Maç başladığı andan itibaren; uzunca bir süre oyunu domine eden taraf, Antalya’ydı... G.Saray’ı sahasından çıkarmıyor, üstelik kurduğu baskıyla etkili pozisyonlar buluyordu. Bu yüzden başlarda Cimbom’un kafası bozuldu, sinirlendi. Rakibiyle baş edememenin öfkesiyle toplara sert girmeye yöneldi. O kadar ki; Serdar Aziz ilk 10 dakika içinde, 3 kişiyi yere serdi. Birinde ise, Eto’o ile girdiği bir ikili mücadelede; rakibinin bileğine çok sert bastı... Hakem Halis Özkahya; hiçbirine herhangi bir kart çıkarmadığı gibi, uyarıda bile bulunmadı.
Antalya bunlardan yılmadı... Rakibini kendi yarı sahasından çıkarmadığı gibi, kendisi 3 önemli pozisyon üretti. G.Saray gol yedi-yiyecek derken, rakip ceza alanına ilk etkili girişinde; Gomis’le öne geçti.

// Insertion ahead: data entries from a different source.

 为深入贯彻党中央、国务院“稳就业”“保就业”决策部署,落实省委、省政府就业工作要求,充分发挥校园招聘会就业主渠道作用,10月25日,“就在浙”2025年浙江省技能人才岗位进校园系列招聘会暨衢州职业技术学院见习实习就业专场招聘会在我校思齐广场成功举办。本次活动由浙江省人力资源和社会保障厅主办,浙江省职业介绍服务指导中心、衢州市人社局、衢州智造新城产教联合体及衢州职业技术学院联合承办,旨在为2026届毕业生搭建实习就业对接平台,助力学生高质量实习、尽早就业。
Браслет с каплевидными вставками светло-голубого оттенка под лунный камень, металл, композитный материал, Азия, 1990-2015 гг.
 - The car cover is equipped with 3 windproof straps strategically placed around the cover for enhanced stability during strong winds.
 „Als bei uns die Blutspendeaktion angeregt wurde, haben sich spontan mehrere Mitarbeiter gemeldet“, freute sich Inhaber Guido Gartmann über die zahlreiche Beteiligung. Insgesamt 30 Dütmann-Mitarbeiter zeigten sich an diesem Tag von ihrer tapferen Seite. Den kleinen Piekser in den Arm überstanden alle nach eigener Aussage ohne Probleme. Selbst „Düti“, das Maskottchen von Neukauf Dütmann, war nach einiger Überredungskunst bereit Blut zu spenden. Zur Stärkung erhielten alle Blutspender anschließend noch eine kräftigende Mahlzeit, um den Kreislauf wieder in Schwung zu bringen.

Doğrusu pek beklenen bir şey değildi... Daha önceki lig maçlarında, rakiplerine ölümcül baskı kuran G.Saray; bu kez kapana sıkışmıştı. Maça/rakibe/sahaya sahip olma gücünü kaybetmiş gibiydi.

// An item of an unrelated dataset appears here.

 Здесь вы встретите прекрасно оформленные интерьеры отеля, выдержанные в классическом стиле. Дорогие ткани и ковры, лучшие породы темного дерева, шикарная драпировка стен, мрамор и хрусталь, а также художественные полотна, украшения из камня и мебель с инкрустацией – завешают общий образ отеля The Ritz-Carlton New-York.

Ama futbol; melekelerini zayıflattığın anda bile, sana fırsatlar sunan bir sürprizler paketidir. Bu paketi açmak için, bazen iyi/güçlü/hak eder olman da gerekmiyor...
***
Antalya golü yedikten sonra, cin çarpmışa dönmüş gibi; pusulasını/neşesini/heyecanını kaybetti. Başlardaki tehdit içeren görüntüsünden aniden uzaklaştı. Oyuna olan küskünlüğü, devre arasına kadar sürdü. G.Saray bu süreçte (Dağılan demiyelim de darılan) rakibinin üzerine daha bilinçli, daha sürekli ve daha etkili sokulmayı başarsa da; golü ikilemeye zaman yetmedi.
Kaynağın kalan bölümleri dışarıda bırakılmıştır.